On the evening of April 24, Changshan Pharmaceutical disclosed information about the acceptance of the marketing authorization application for ebenatid injection, saying that the marketing authorization application for ebenatitide injection submitted by its holding subsidiary Changshan Kaijiejian was accepted by the State Food and Drug Administration. On the one hand, the announcement said that the accepted indication is for the treatment of type 2 diabetes, and the company has not yet carried out clinical trials of ebenatide for obesity or weight loss, and on the other hand, it said that ebenatide is a long-acting glucagon-like peptide-1 receptor agonist (GLP-1RA), which can inhibit gastric emptying and suppress appetite.

After the opening of the market on April 25, Changshan Pharmaceutical recorded a 20cm daily limit, and the stock price closed at 11.77 yuan per share on the same day.

Major shareholders reduced their holdings at a high level

After the stock price took off, the actual controller and major shareholders took the step of reducing their holdings.

After the market on February 23 this year, Changshan Pharmaceutical announced that Gao Shuhua, the controlling shareholder and actual controller, intends to transfer 53 million shares of Changshan Pharmaceutical (accounting for 5.77% of the total share capital of the listed company) to Yang Minghuan, a natural person, through agreement transfer, with a unit price of 9.2 yuan per share and a total amount of 488 million yuan.

On March 14, the transfer of ownership by agreement was completed. The number of shares held by Gao Shuhua decreased from 334 million to 281 million, and the shareholding ratio decreased from 36.43% to 30.64%.

For Changshan Pharmaceutical, the equity pledge of the actual controller is also worth paying attention to. According to the first quarterly report, as of the reporting period, Gao Shuhua had 199 million shares in a pledged state, accounting for 71.06% of the 281 million shares he held.

SDIC Hi-Tech, the second largest shareholder, is also continuing to reduce its holdings.

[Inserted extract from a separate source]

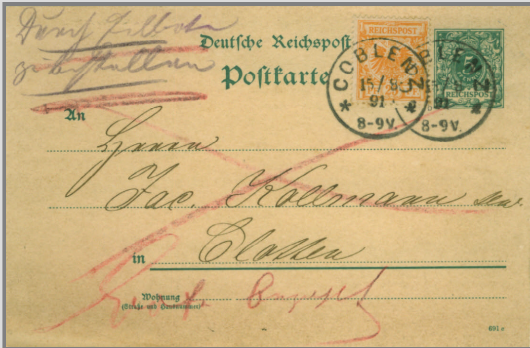
Klaucke-Stempel COBLENZ 15.8.1891, 8-9V. mit fünfstrahligem Zierstern und Kontrollbuchstabe „e“ in Schreibschrift auf Postkarte nach Clotten. Die Postkarte trägt den handschriftlichen Vermerk „Durch Eilboten zu bestellen“ und hat daher eine Zusatzfrankatur 25 Pfg.
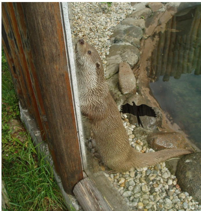
Vydra říční ze záchranné stanice Makov

Vydra říční je lasicovitá šelma, přizpůsobená životu ve vodě. Vydří srst je jemná a hustá. Jemná podsada zadržuje mikroskopické bublinky vzduchu a působí jako velmi účinná izolační vrstva. Tím může být vydra mnohem mrštnější než jiní na vodu orientovaní savci, protože nemusí vytvářet přílišné tukové vrstvy. Je skvělým plavcem, mezi prsty jí rostou plovací blány. Krk i nohy má krátké, ocas u kořene je silný, kuželovitý. Boltce nevyčnívají z husté, přiléhavé srsti, oči jsou velké. Vydra se dokáže velmi dobře orientovat i v kalné vodě a také umí přesně odhadnout prostupnost různých otvorů, protože k tomu, podobně jako kočka, využívá dlouhé hmatové chlupy na čenichu. Kořist vydra pronásleduje asi 2–3 minuty. Lov bývá úspěšný na

According to the announcement on March 19 this year, from November 21, 2022 to the announcement date, the number of shares held by SDIC Hi-Tech decreased from 84.827 million shares to 45.953 million shares, and the number of shares reduced was 38.874 million shares. Among them, from October 11, 2023 to the announcement date, SDIC Hi-Tech reduced its holdings of 17.45 million shares through block trading, with an average price of 10.34 yuan per share, and a profit of 180 million yuan. As of March 31, SDIC Hi-Tech's shareholding has fallen to less than 5%.

In addition, in the third quarter when the stock price rose sharply, five shareholders including Hebei Huaxu Chemical and JPMorgan Chase reduced their holdings by a total of 11.609 million shares. The largest number of reductions was Hebei Huaxu Chemical, which reduced its holdings by a total of 9.343 million shares in the third quarter.